Un jour, elle devrait à nouveau faire face au démon qui la hantait depuis son enfance.
— Ouais, ma vieille se doute d’un truc mais fait que dalle. De toute façon, tu voudrais que je fasse quoi ? Que j’prenne un gun et que j’aille le descendre ?
— Bah, il le mériterait bien cet enfoiré. Mais ch’sais pas si c’est la meilleure idée. Par contre, si tu te décides un jour, on peut y aller tous ensemble. On le défonce et on récupère ta sister. Si ta mère entend raison et divorce de ce bâtard, on la laissera approcher ta Betty-adorée.

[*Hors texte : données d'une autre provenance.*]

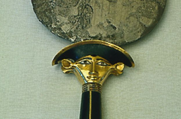 Era piuttosto comune che i manici degli specchi fossero lavorati in forma di divinità, piante di papiro o figure femminili. Alla loro realizzazione gli artisti dedicavano cure particolari già durante il Nuovo Regno, tanto che i manici di questo periodo mostrano grande raffinatezza. Abituali diverranno i manici a forma di ragazza nuda. Soltanto i ricchi potevano permettersi il lusso di avere specchi, peraltro oggetti notevolmente apprezzati. Gi specchi appaiono raffigurati di frequente nei dipinti murali delle tombe degli alti dignitari. Un testo risalente alla fine dell'Antico Regno, che descrive la presa di potere da parte della nobiltà, parla così del lusso dei nuovi ricchi: "La donna che guardava il suo volto nell'acqua ora ha uno specchio di bronzo".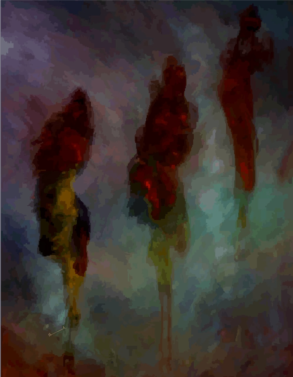 A deeply expressive oil painting portraying abstract human forms emerging through layered shadows and muted light. Rich tones of crimson, ochre, and smoky blues evoke themes of movement, resilience, and transformation, inviting the viewer to interpret each figure’s silent journey.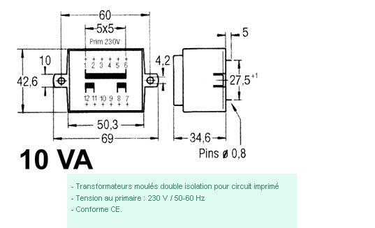 TRANSFORMATEUR 2 x 15V 10VA MOULE SM10B215

— Haha ! T’es d’humeur mélodrame ce soir ou quoi ? T’sais bien qu’on va pas faire ça…
— Et pourquoi pas, Sandy ? s’immisça une voix d’homme.
Il s’agissait d’Antonio, un hispanique originaire de San Diego. Il avait la vingtaine et était vêtu comme les anciennes stars de hip hop. Malgré son look agressif, il avait un visage gentil qui lui avait valu le surnom de « Shotgun Angel » : le fusil à pompe était son arme de prédilection. C’est lors d’un de leurs rares affrontements (l’intimidation était favorisée, en général), avant l’arrivée de Sandy et de Sara, qu’il avait hérité de ce titre, mais à l’intérieur du gang, tout le monde l’appelait simplement « Tony ».

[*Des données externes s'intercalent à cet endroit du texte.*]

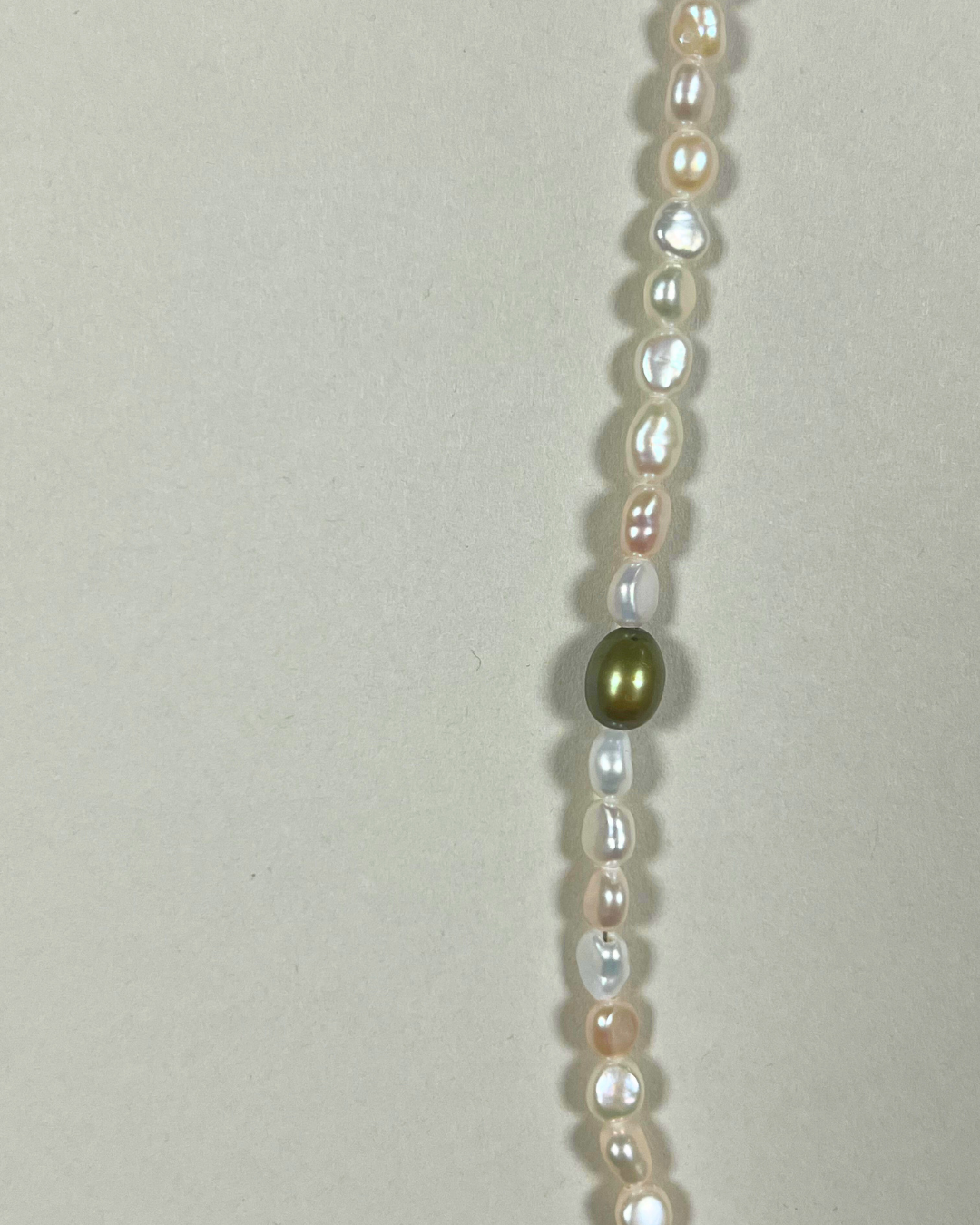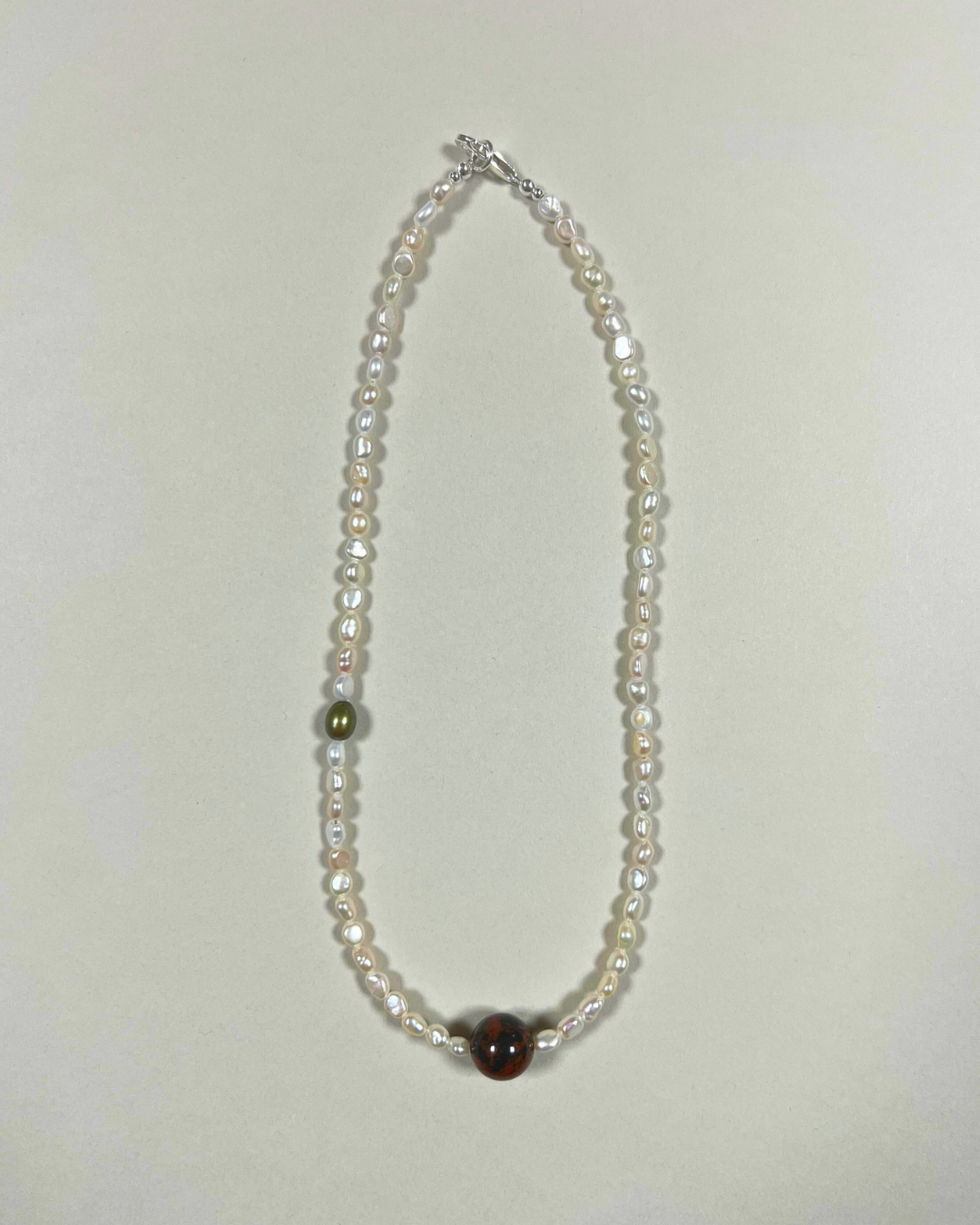 A one-of-a-kind necklace featuring petite freshwater pearls, hand-strung and finished with sterling silver findings and clasp. At its centre sits a round mahogany obsidian bead, accented with a green freshwater pearl for subtle colour and contrast.

Tout comme Sara ou Sandy, il était issu d’une famille pauvre, mais pas au point d’habiter à Tijuana ; rejoindre le gang était donc son choix, qu’il n’avait jamais expliqué.

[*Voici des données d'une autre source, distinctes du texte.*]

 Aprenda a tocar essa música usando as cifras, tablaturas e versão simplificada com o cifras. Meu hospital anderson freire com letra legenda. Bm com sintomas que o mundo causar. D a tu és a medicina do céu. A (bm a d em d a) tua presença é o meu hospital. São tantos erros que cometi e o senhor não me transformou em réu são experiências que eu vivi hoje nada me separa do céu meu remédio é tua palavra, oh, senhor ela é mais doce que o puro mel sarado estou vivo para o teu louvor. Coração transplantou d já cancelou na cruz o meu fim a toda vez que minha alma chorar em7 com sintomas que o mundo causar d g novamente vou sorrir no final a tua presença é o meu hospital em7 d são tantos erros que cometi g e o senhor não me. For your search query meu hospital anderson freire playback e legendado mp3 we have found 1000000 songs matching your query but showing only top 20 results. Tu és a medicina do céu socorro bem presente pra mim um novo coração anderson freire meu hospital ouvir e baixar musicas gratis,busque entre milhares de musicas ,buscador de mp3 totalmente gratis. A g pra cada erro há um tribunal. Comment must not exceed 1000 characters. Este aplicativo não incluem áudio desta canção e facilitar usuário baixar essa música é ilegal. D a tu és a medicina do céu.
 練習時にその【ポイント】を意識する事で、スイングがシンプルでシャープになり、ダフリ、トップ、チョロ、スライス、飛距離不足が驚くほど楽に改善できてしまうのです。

— Bah, raconte pas n’importe quoi, Tony ! Tu dis ça parce que t’es bourré, c’est tout.
— Ouais, c’est clair, j’commence à être rond. Hahaha ! Mais sérieux, tu veux récupérer ta frangine ou merde ? Tu crois vraiment qu’elle est en sécurité avec ton connard de père ?
Antonio, comme le reste du gang, connaissait dans les grandes lignes l’histoire de Sandy.
— Non, j’ai pas confiance en lui, mais pour le moment il a pas de raison de lui faire quoi que ce soit.
— Fais gaffe Sandy, si tu fuis tu vivras dans la peur toute ta vie. Tu veux devenir comme ta reum ?
Sandy fusilla Antonio du regard. Mais, ce premier coup de sang passé, elle réfléchit à ses paroles.
Privé de sa victime habituelle, il y avait un risque que Richard reportât sa colère sur Betty.
— Pffffff ! T’as raison en plus : faisons-le ! On le menace et on la choppe.
— Héhé ! C’était la réponse que j’attendais, ma Sandy !
Sur ces mots, Antonio s’approcha d’elle et lui tapota gentiment la joue en lui souriant avec son visage d’ange.
Puis il se retourna et annonça d’une voix forte à l’intention des autres membres du gang :
— Eh, les gars ! Qui est chaud pour sauver la sis de notre Sandy ?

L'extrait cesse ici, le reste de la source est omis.